A wounded animal can be dangerous to deal with. Just ask Kaitlyn Fischer's opponents.
Fischer, a Herculaneum senior, is running for rarefied air — to become one of just a handful of track stars to ever win state in two events all four years of high school. State titles No. 7 and 8 in the 1,600 and 3,200 meters would go along with the cross country state title Fischer won in the fall. Fischer's distance prowess made her an overwhelming choice for STLhighschoolsports.com's Jefferson County female Athlete of the Year honor.
But this track season hasn't exactly started the way Fischer has envisioned. Fischer, who some opposing coaches call "The Animal" due to her intensity and competitiveness, was shelved early on due to knee tendinitis.
And "The Animal" doesn't like being a spectator.
"I was really upset, because I want to compete," Fischer said. "I wanted to get those times that I was ready for and had trained for all winter. It was right in front of me and it slipped away."
At first, Fischer was worried that the injury would wipe out her entire season and with it, the chance to run into history. Herculaneum assistant track and cross country coach Jim Kasten said they consulted with a variety of doctors, therapists and coaches before hammering out a plan to get Fischer back on the track.
That plan included special taping, therapy and a tweak in Fischer's running form. Instead of running on her toes, Fischer is focusing on letting her heel hit the ground more.
And the plan seems to be working. In just her second race back, Fischer ran a personal best 10:55.48 in the two mile at the KU Relays on April 19.
"To come back and PR after being out four three weeks gives me confidence," Fischer said. "Being out, I had no confidence."
Fischer's bounce back came as no surprise to Kasten, who has worked with her throughout her high school career.
"She lives the way athletes are supposed to live their life," Kasten said. "She does all the little things. She eats right, she studies, she make sure she gets sleep ... she'll do whatever it takes to succeed."
Now the focus shifts to continued dominance at state.
"I think about it all the time," Fischer said. "As much as I want to get good times, winning the mile and two mile again is my main goal. If I can accomplish that, I'll be satisfied."
Jason West, communications director for the Missouri High School Activities Association, said only a handful of athletes have won two different events at the state meet all four years. Fischer would join Central KC's Muna Lee (100/200) from 1997-2000; McCluer South-Berkeley's Alishea Usery (200/400) from 2005-08; Hazelwood Central's Megan Thompson (1600/3200) from 1987-90; and Princeton's Blake Goodin (1600/3200) from 2009-12.
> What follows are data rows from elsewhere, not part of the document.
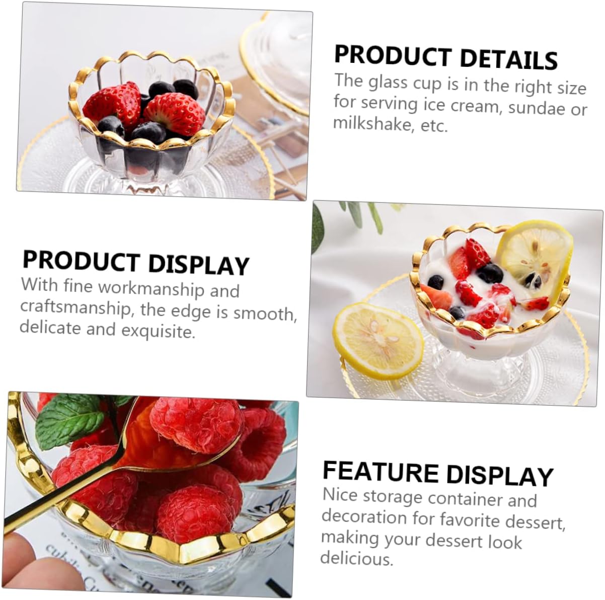 • Glass ice cream cup:it can be used as a dessert cup, and it will greatly increase your appetite,glass dessert cup
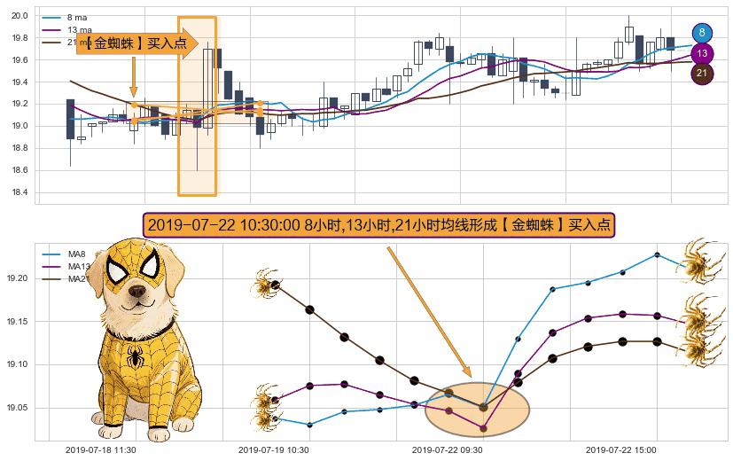 ⚀ 2019-07-22 10:30:00小时显现 8小时-13小时-21小时均线 【金蜘蛛】买入点 看多信号,后市看涨,买入
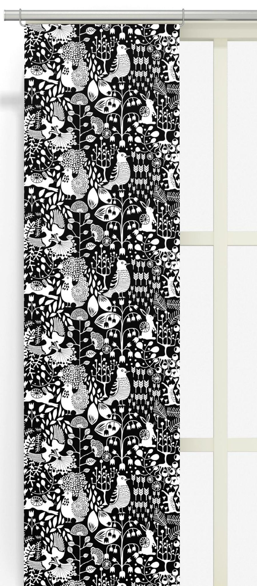 Fyri svart panellängd 2-pack från Arvidssons Textil är ett stilrent tillskott till fönstret. Den svarta botaniska designen ger ett elegant uttryck som passar både moderna och tidlösa inredningar, samtidigt som den erbjuder privatliv utan att blockera dagsljuset.
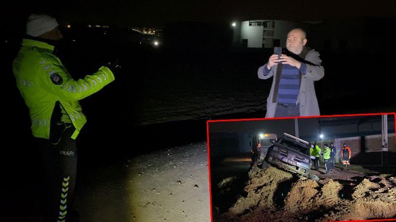 Cipi topraÄŸa saplanan alkollü sürücü polisi görünce kaza yerini kameraya kaydedip, kendini savundu
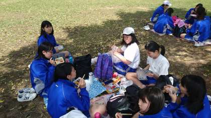 天気もよく、みんなで集合写真を撮って、昼食(お弁当)タイムです!!

Kasten said the biggest issue in Fischer's comeback is Fischer. Kasten said she works so hard and wants it so much that the Herculaneum coaches have to find the balance between doing enough while not doing too much.
Herculaneum track coach Dave Cook said Fischer takes nothing for granted on the track.
"If there is anyone in front of her, even if it is someone she is going to lap, she will run them down like they are taking something from her," Cook said.
Track success aside, Fischer perhaps is most proud of the cross country state title she won this fall. That championship proved elusive during her first three years, but in her final try Fischer led from start to finish.
Fischer blistered the course in 18:40.97, nearly 55 seconds ahead of second place.
"I've always wanted to win cross country at state," Fischer said. "It was definitely a highlight. I tried so hard every year, and I came up short. This summer in my training, I had a different mindset that 'I've got to do it.'"
Kasten, who has been a coach since 1971, said Fischer is the best athlete he's ever coached. "She brings everything to the table," Kasten said.
Fischer will take her talents to the University of Missouri, where she will run track and cross country. And win or lose at state, she has furthered the distance running tradition at Herculaneum.